(Dataset excerpts)
=== Section Start ===
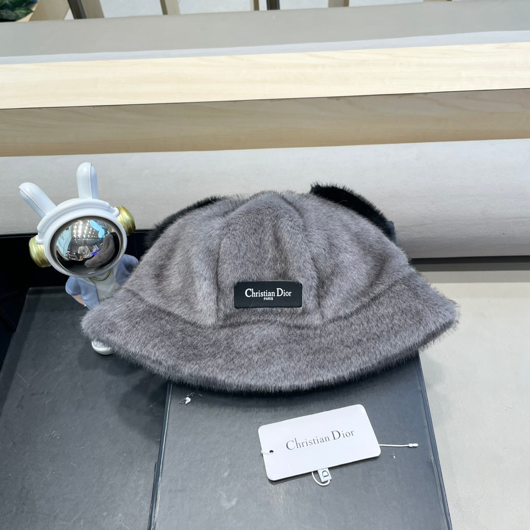 BUCKET HAT WITH CUTE BEAR EARS IN SILVER GRAY RABBIT FUR 434966
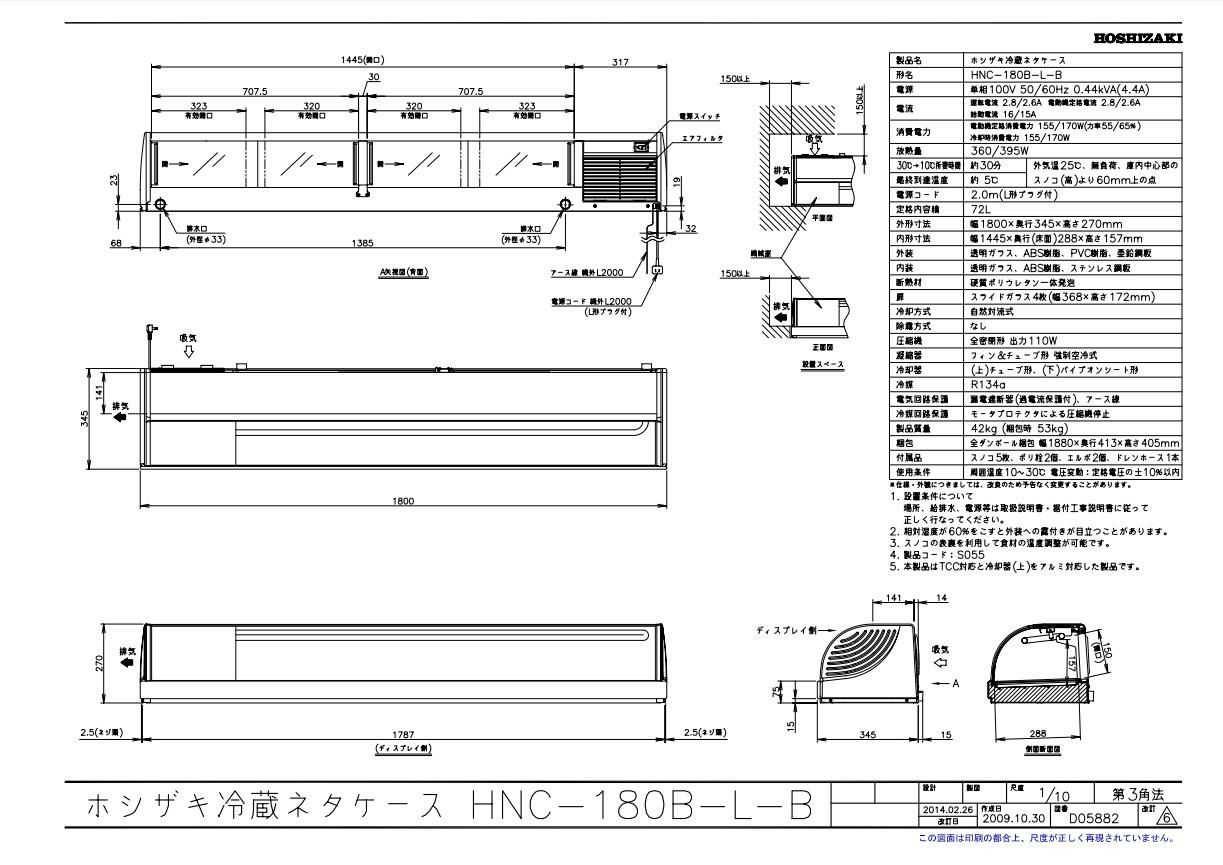 商品名:冷蔵ネタケース HNC-180B-L-B 幅1800×奥行345×高さ270(mm) 単相100V
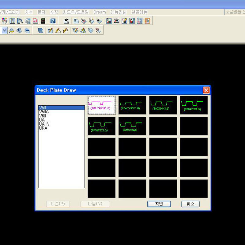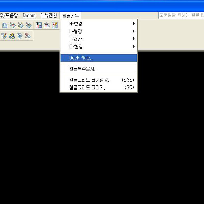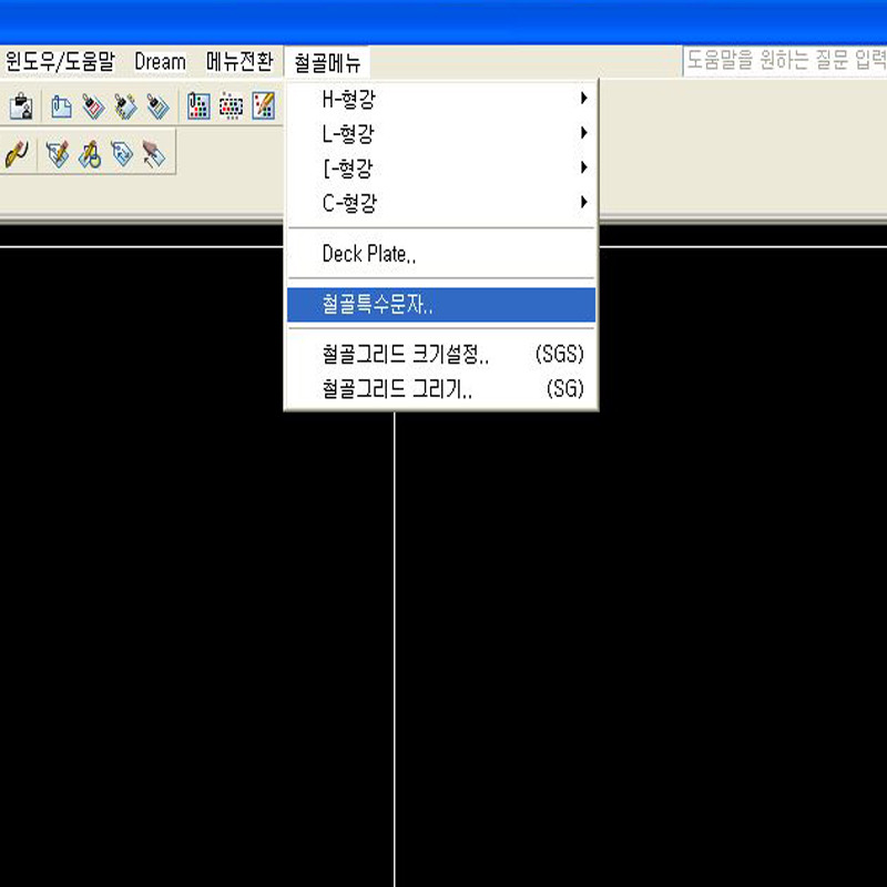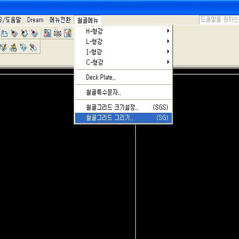 좀전에 압축을 푼 디렉토리에 가서 철골메뉴.mnu를 선택하고 열기를 클릭하여 로드를 누르고 창을 닫습니다 그러면 캐드화면의 상단팝업메뉴를 보면 철골메뉴가 추가가 되어있음을 알수있읍니다.
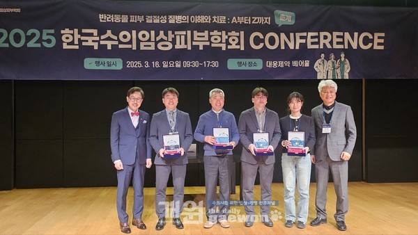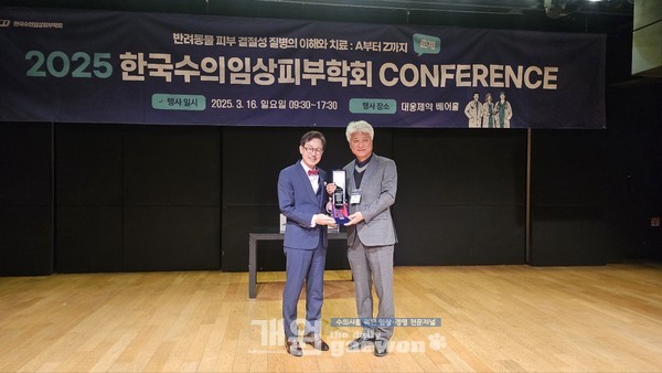 한국수의임상피부학회(회장 강종일, 이하 KSVCD)가 지난 3월 16일 열린 ‘2025 KSVCD 춘계 컨퍼런스’에서 KSVCD 발전에 혁혁한 공로와 재임 기간 헌신한 회원들을 위한 표창 및 감사패 수여를 진행했다.
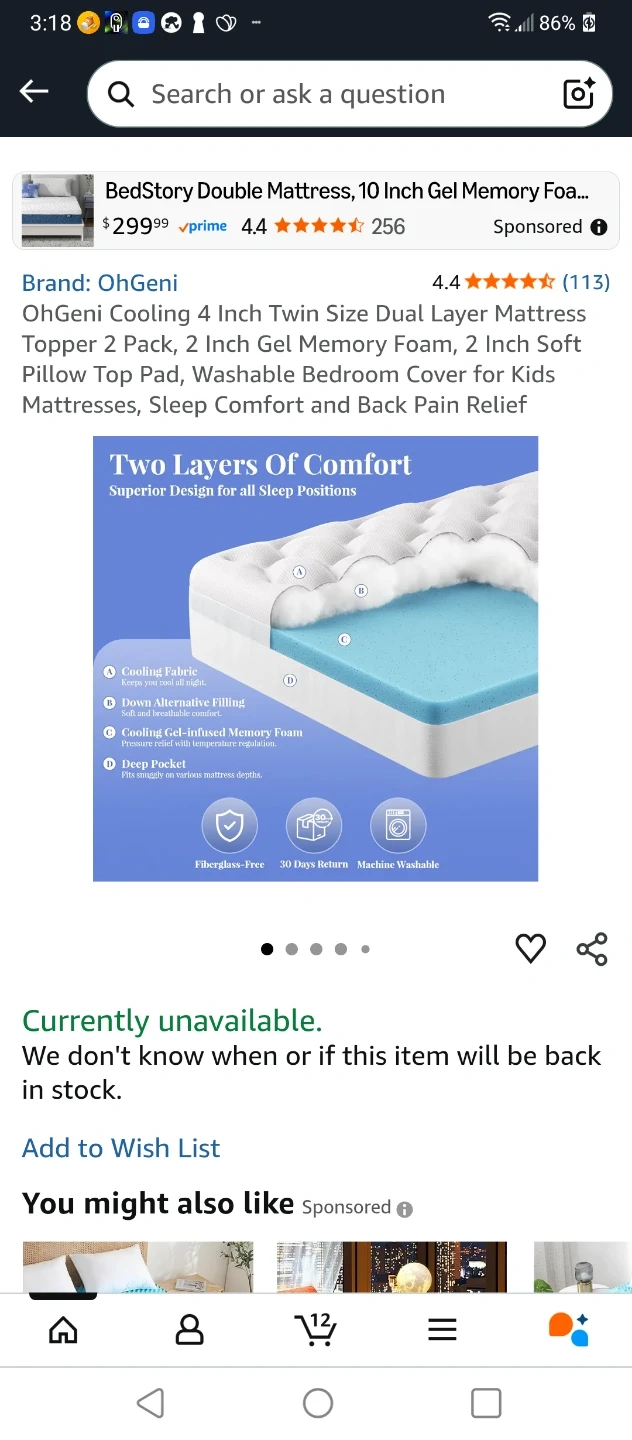 š§”BRAND NEW DUAL LAYER 4 INCH KING SIZE MATTRESS TOPPER
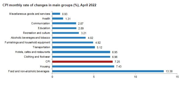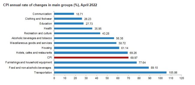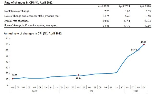 L’inflazione, infatti, è aumentata del 7,25% ad aprile rispetto a marzo e quasi del 70% rispetto ad aprile 2021. Si conferma, insomma, l’accelerazione crescente osservata negli ultimi mesi, che ovviamente è stata aggravata dal contesto internazionale.
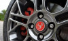 Os freios também são diferentes, com discos redimensionados e pinças maiores, pintadas em vermelho para combinar com o estilo esportivo.
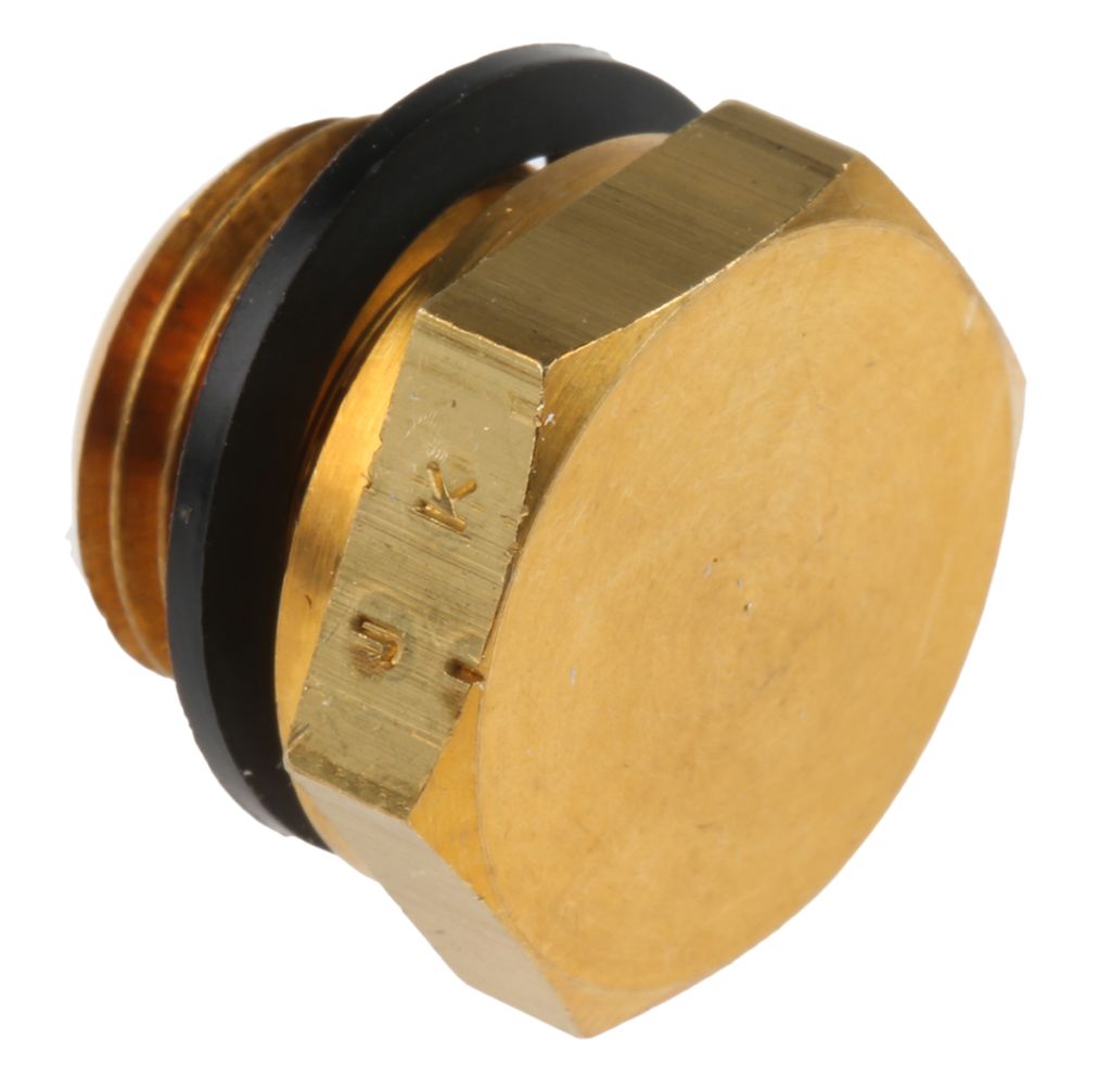 A brass threaded blanking plug for blanking off M5 and BSP ports. Temperature range -40 to +100°C.
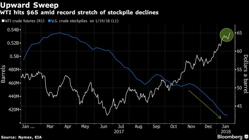 Crude popped above $65 a barrel for the first time in more than three years after U.S. crude stockpiles fell for a 10th week in the longest stretch of declines on record.
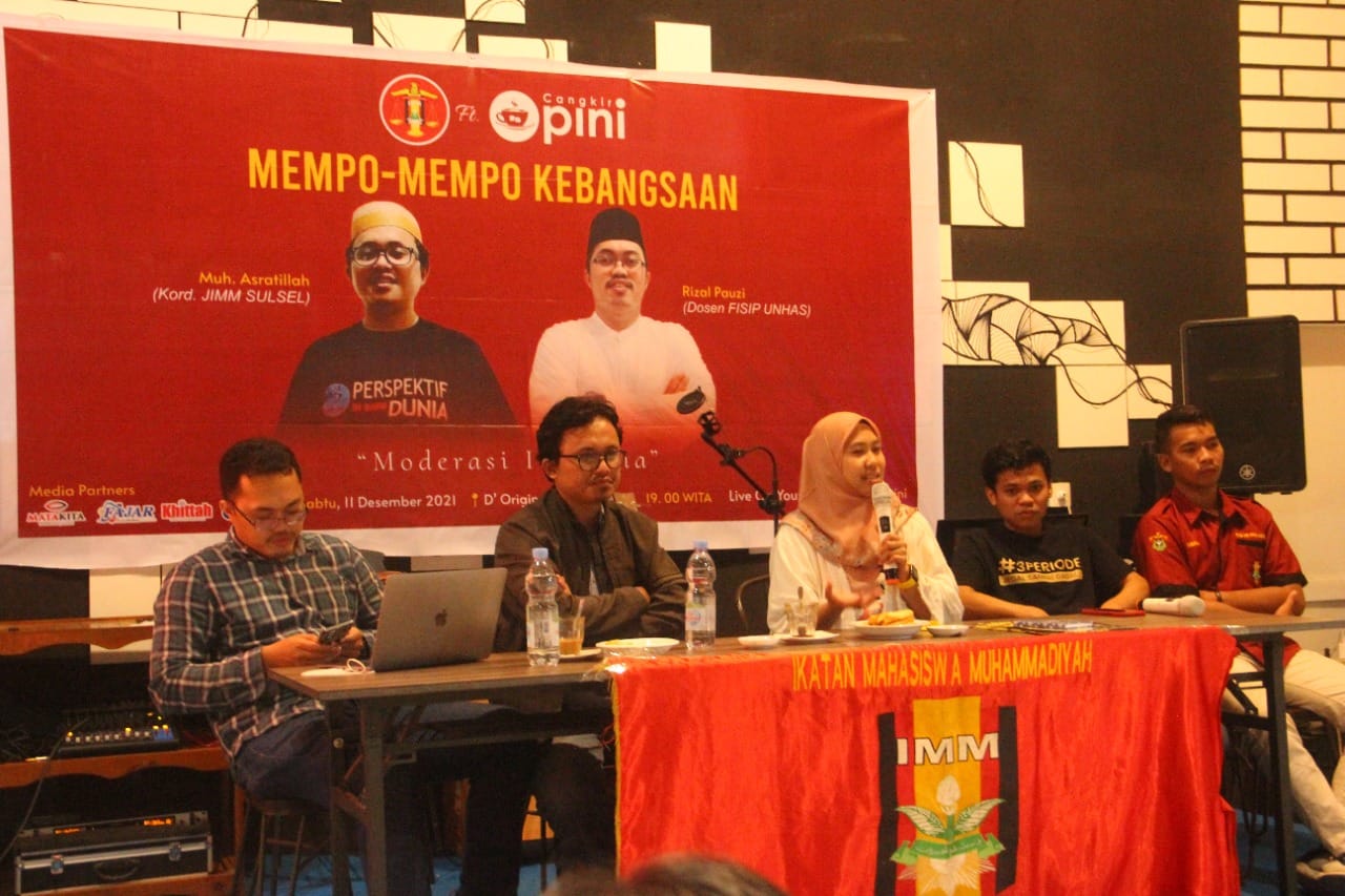 Kegiatan mempo-mempo dilaksanakan di D’Original Coffe dengan mengundang dua pembicara, yaitu Muh. Asratillah (Kordinator Jaringan Intelektual Muda Muhammadiyah Sulsel) dan Rizal Pauzi (dosen Fisipol Unhas). Dalam pemaparan mereka, keduanya bersepakat bahwa moderasi agama dapat diterima dan kokoh apabila pemerintah dan masyarakat sejahtera secara ekonomi.
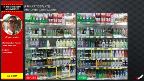 IN-STORE VISIBILITY (PRIMARY DISPLAYS) IMPROVEMENTS Abu Dhabi Coop Muroor At your service! Merchandiser Name: JOHN BARCELO Region: ABU DHABI AD COOP BEFORE AFTER
=== Section End ===
- _EXERCISE BRIEF_
Above are some records; extract exactly the lines from the one containing "Os freios também" through the one containing "Crude popped above" and drop the pictures.

- _EXERCISE SOLUTION_
 Os freios também são diferentes, com discos redimensionados e pinças maiores, pintadas em vermelho para combinar com o estilo esportivo.
 A brass threaded blanking plug for blanking off M5 and BSP ports. Temperature range -40 to +100°C.
 Crude popped above $65 a barrel for the first time in more than three years after U.S. crude stockpiles fell for a 10th week in the longest stretch of declines on record.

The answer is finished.